Start of Record set

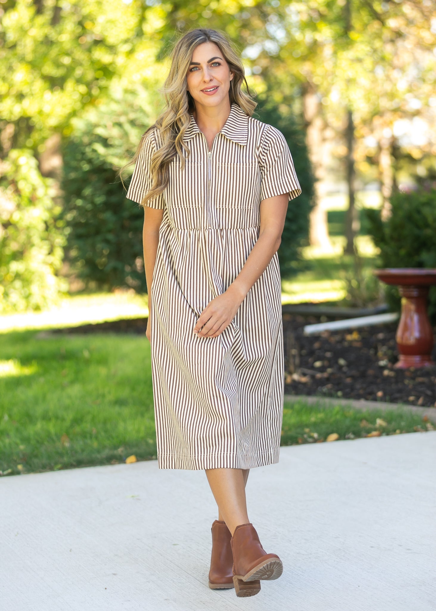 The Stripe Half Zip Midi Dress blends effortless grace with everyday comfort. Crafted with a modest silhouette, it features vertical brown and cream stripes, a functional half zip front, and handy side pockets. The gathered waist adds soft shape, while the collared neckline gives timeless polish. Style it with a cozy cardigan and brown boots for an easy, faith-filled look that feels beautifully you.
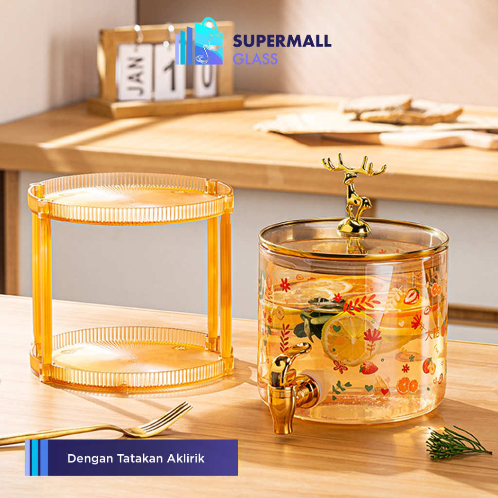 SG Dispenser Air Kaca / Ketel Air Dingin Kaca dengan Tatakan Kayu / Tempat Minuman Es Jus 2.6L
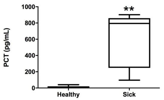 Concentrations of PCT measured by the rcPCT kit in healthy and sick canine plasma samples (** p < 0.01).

End of Record set
Start of Record set

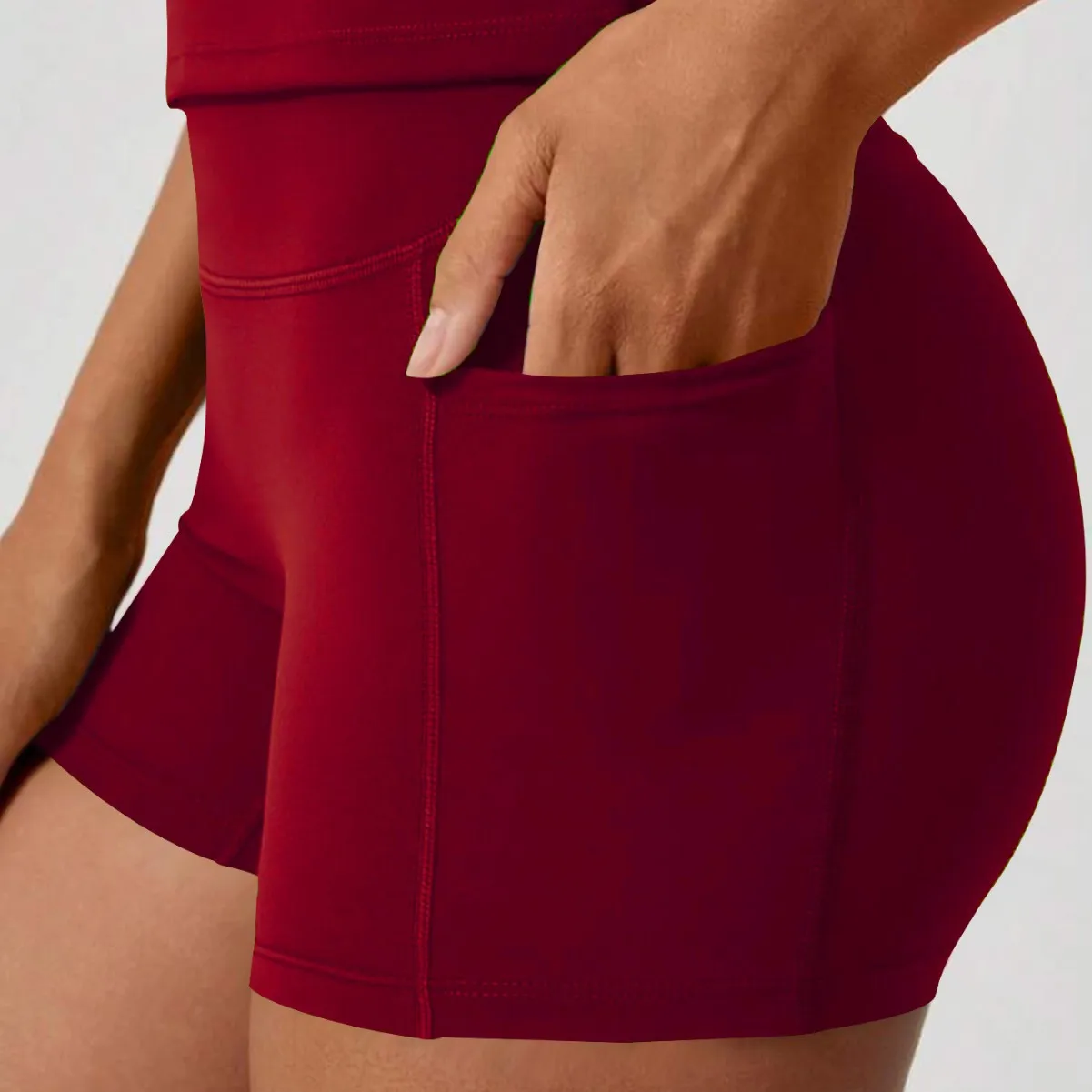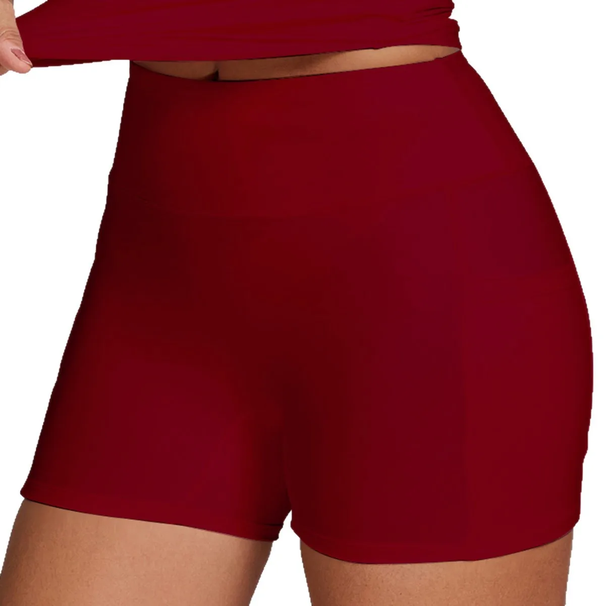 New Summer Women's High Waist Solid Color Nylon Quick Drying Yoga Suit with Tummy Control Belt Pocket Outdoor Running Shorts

End of Record set
Start of Record set

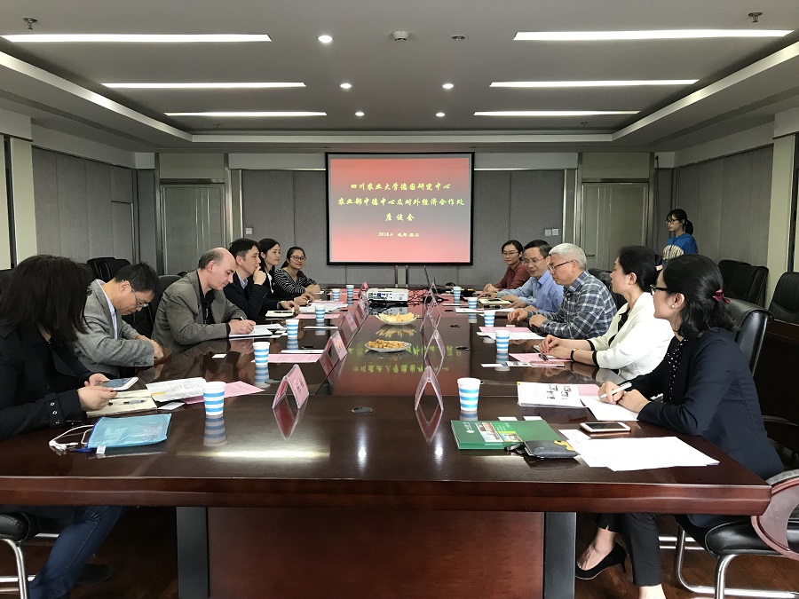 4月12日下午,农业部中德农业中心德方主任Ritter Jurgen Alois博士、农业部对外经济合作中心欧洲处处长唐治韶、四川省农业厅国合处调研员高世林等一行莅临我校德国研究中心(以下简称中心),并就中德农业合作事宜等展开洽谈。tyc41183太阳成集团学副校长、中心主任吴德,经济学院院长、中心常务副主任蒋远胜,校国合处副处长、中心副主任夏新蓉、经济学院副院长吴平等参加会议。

End of Record set

To do → Write out word for word the lines above that run from the one with "The Stripe Half" to the one with "Concentrations of PCT". Include both end lines; exclude the images.

Output below →
 The Stripe Half Zip Midi Dress blends effortless grace with everyday comfort. Crafted with a modest silhouette, it features vertical brown and cream stripes, a functional half zip front, and handy side pockets. The gathered waist adds soft shape, while the collared neckline gives timeless polish. Style it with a cozy cardigan and brown boots for an easy, faith-filled look that feels beautifully you.
 SG Dispenser Air Kaca / Ketel Air Dingin Kaca dengan Tatakan Kayu / Tempat Minuman Es Jus 2.6L
 Concentrations of PCT measured by the rcPCT kit in healthy and sick canine plasma samples (** p < 0.01).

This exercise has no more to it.